President Maithripala Sirisena said the ban was in accordance with an emergency law and will be imposed from Monday onwards, saying that any face garment that “hinders identification” will be banned to ensure security.  A statement from the president’s office read.
“The ban is to ensure national security. No one should obscure their faces to make identification difficult.” 
Another presidential spokesman added that “it is a presidential order to ban any dress covering faces with immediate effect”. 
Human rights organisations and Muslim organisations have criticised the ban, arguing that it could cause tensions between the Muslim community and others, as well as fuel long-term discrimination against Muslims, especially those who wear the niqāb and burqa.
In particular, Human Rights Watch has warned that the ban could leave Muslim women feeling vulnerable and that the ban could be seen as a green light to right-wing and nationalist groups to attack Muslim communities, who are already beginning to face reprisal attacks.
Kenneth Roth, the body’s executive director, tweeted:
No indication that recent Sri Lanka bombers covered their faces but Pres Sirisena bans face covering. That needless restriction means that Muslim women whose practice leads them to cover up now won't be able to leave home. https://t.co/s2sfKy9hBX pic.twitter.com/4nJpMcAyJv
— Kenneth Roth (@KenRoth) April 29, 2019
The All Ceylon Jamiyyathul Ulama (ACJU), a body that represents senior scholars in the country, has supported a short-term emergency restriction on the face coverings. Farhan Faris, assistant manager of the ACJU said:
“We have given guidance to the Muslim women to not to cover their faces in this emergency situation.” 
However, the ACJU is opposed to any law that implements a permanent ban, with Faris adding, “if you make it a law, people will become emotional and this will bring another bad impact, it is their religious right.” 

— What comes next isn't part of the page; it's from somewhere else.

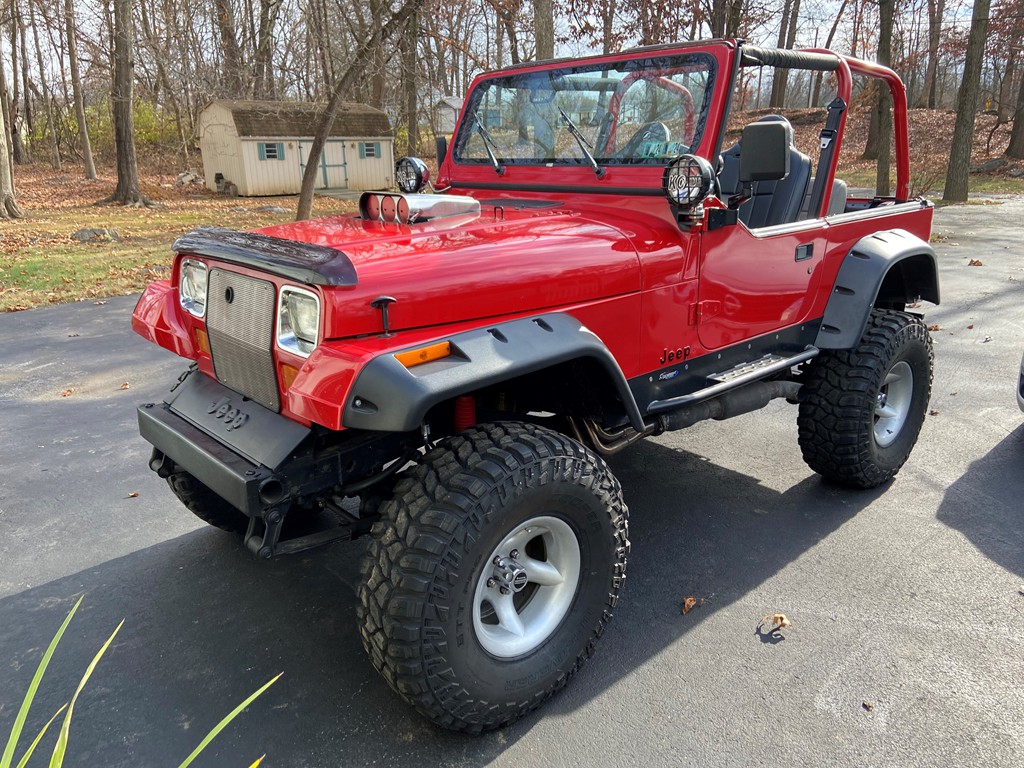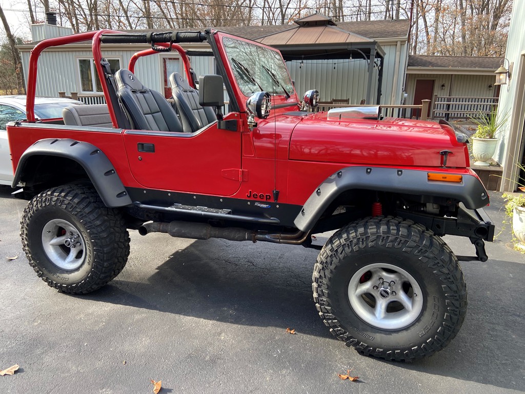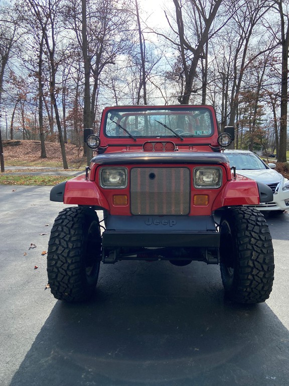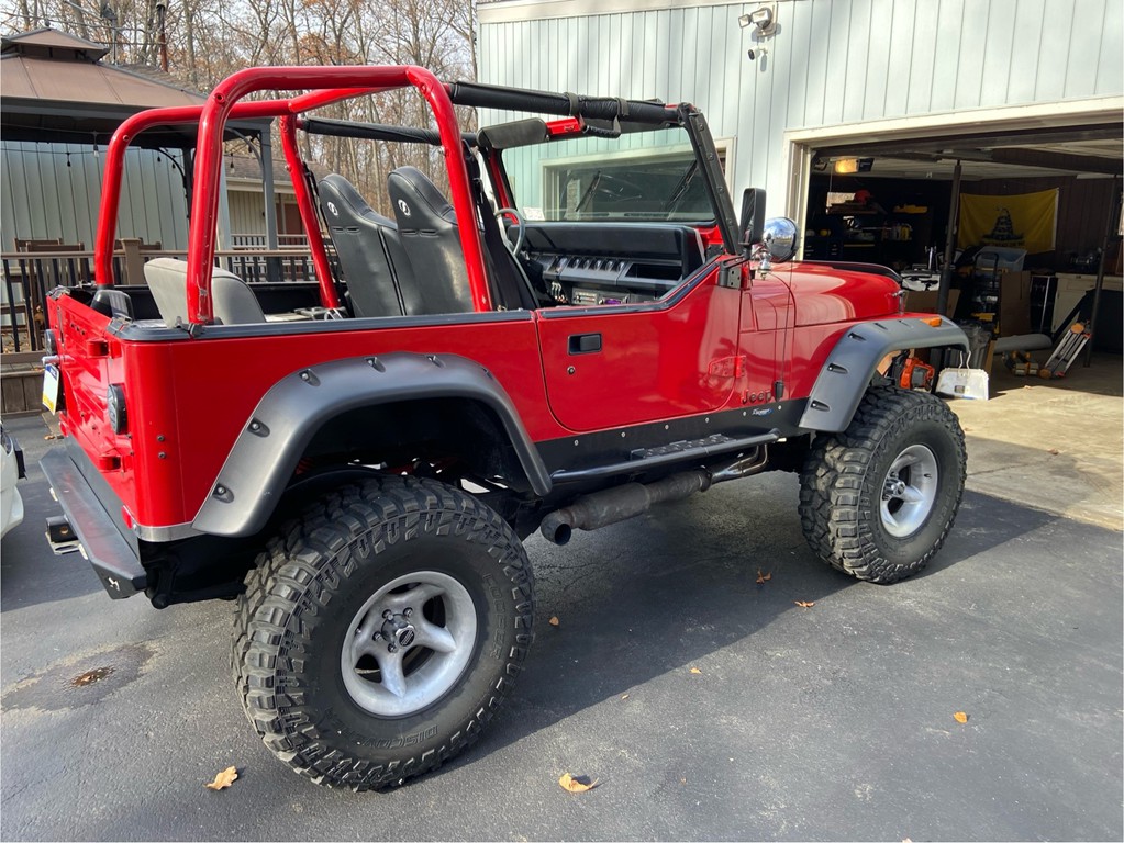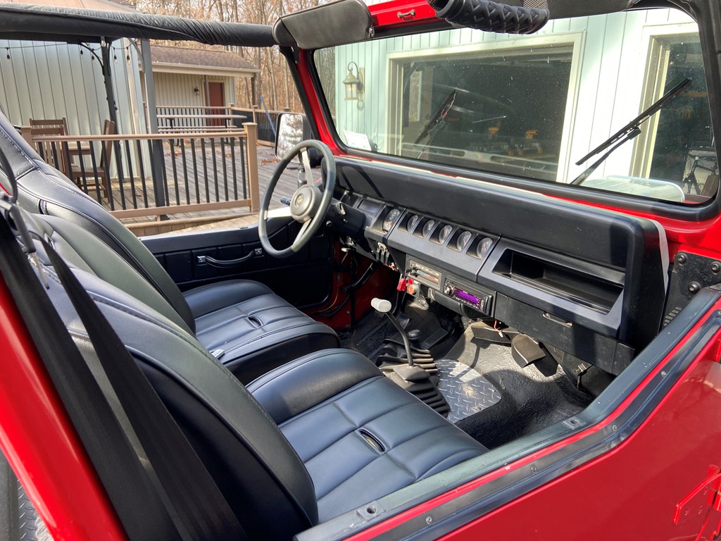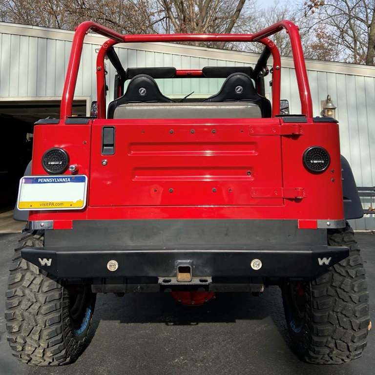 Includes: soft top (OK condition), spare 35" tire with matching American Racing rim, Extra hood (white), cover, bikini top, center console
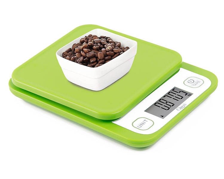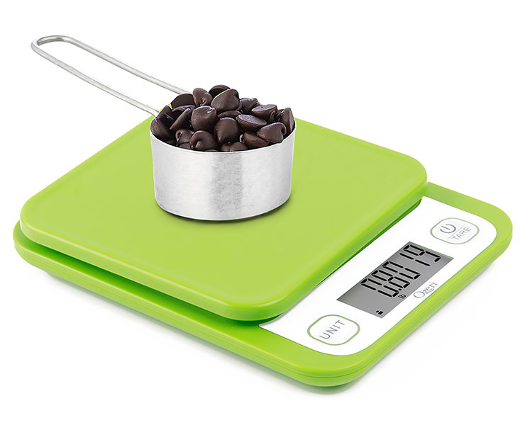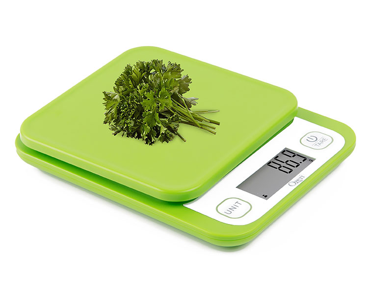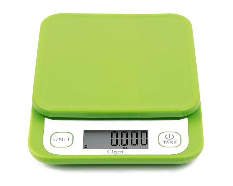 The new Ozeri Garden and Kitchen Scale II features Ozeri’s latest 420 Variable Graduation Technology that allows you to weigh your most delicate garden herbs and greens in graduations as precise as 0.1 g / 0.005 oz. Ozeri’s 420 Variable Graduation Technology achieves a remarkably accurate graduation of 0.1 g / 0.005 oz for items that weigh 420 grams or less (14.82 oz), which is 10 times as precise as the standard 1 gram scale. For items weighing over 420 grams, the Ozeri Garden Scale II impressively measures to the nearest 0.5 g or 0.01 oz, which is twice the accuracy of a standard 1 gram scale. With a max weighing capacity of 6000 g / 13.22 lbs, the Ozeri Garden Scale II is a most capable tool for all your diet, health, and wellness goals. This Ozeri Scale delivers unprecedented accuracy for the most detailed recipes and immediate response times to keep up with the fast-paced chef. It's just as handy as it is in the kitchen and garden, and doubles as a postage machine for your mail and as a great tool for classroom or homework science projects. An indispensable companion for the serious cook, the Ozeri Garden and Kitchen Scale II’s Unit button lets you change the unit of measurement with push-button ease, with 6 units of measurements (oz, ml, g, lbs, lbs:oz, kg) and displays results on an easy-to-read LCD screen - e.g. easily convert 16.311 ounces to 462.4 ml to 462.4 grams to 1.019 pounds to 1 pound and 0.304 ounces to 0.4624 kg. Manufactured to Ozeri’s rigorous quality specifications, it also features a handy Tare button which automatically subtracts the weight of any pouch, bag or container to calculate the net weight of garden plants or other ingredients. Both the Unit and Tare buttons are separated from the actual weighing platform, which prevents movement on the weighing platform when pressing either button, thereby ensuring the highest possible accuracy. The Ozeri Garden Scale II’s Tare and Unit buttons also provide a tactile, audible click confirmation, so you never have to push twice when measuring recipes in a hurry. The Garden Scale’s sleek aesthetic and availability in multiple colors complement any kitchen decor, and it cleans quickly and stores easily. It features a large LCD display with an enhanced viewing angle. The new Ozeri Garden and Kitchen Scale II automatically powers-off to maximize battery life and runs on 2 AAA batteries (included), with an easy-access battery compartment. It also features an adjustable auto-power-off toggle that allows you change the power-off timer from the default of 2 minutes of inactivity, to 5 minutes for when that extra time is needed.

The ACJU also criticised a Sri Lankan MP that proposed a ban, saying that they “strongly criticise the decision. We will not accept the authorities interfering with the religion without consulting the religious leadership”. 
Muslims across the South Asian island are living in uncertainty, with the fear of retaliation and reprisal attacks running high. Muslim-owned shops and businesses close early and many argue that the uncertainty has affected their business.
“Everybody is feeling fear all the time, they are afraid to stay open late as there could be (more) attacks,” said a Muslim resident of Colombo who is also an industrial hardware trader. 
Another resident said, “Muslims are afraid, I have a beard, so when I go out on the road I get stopped immediately by the police. It was never like this before. Now there is a black mark against us, and you cannot easily erase that. It could take years, even decades”. 
On Sunday April 21st, a group of suicide bombers attacked churches and hotels, killing over 300 people and injuring a further 500. The dead and injured included local residents, as well as foreign nationals.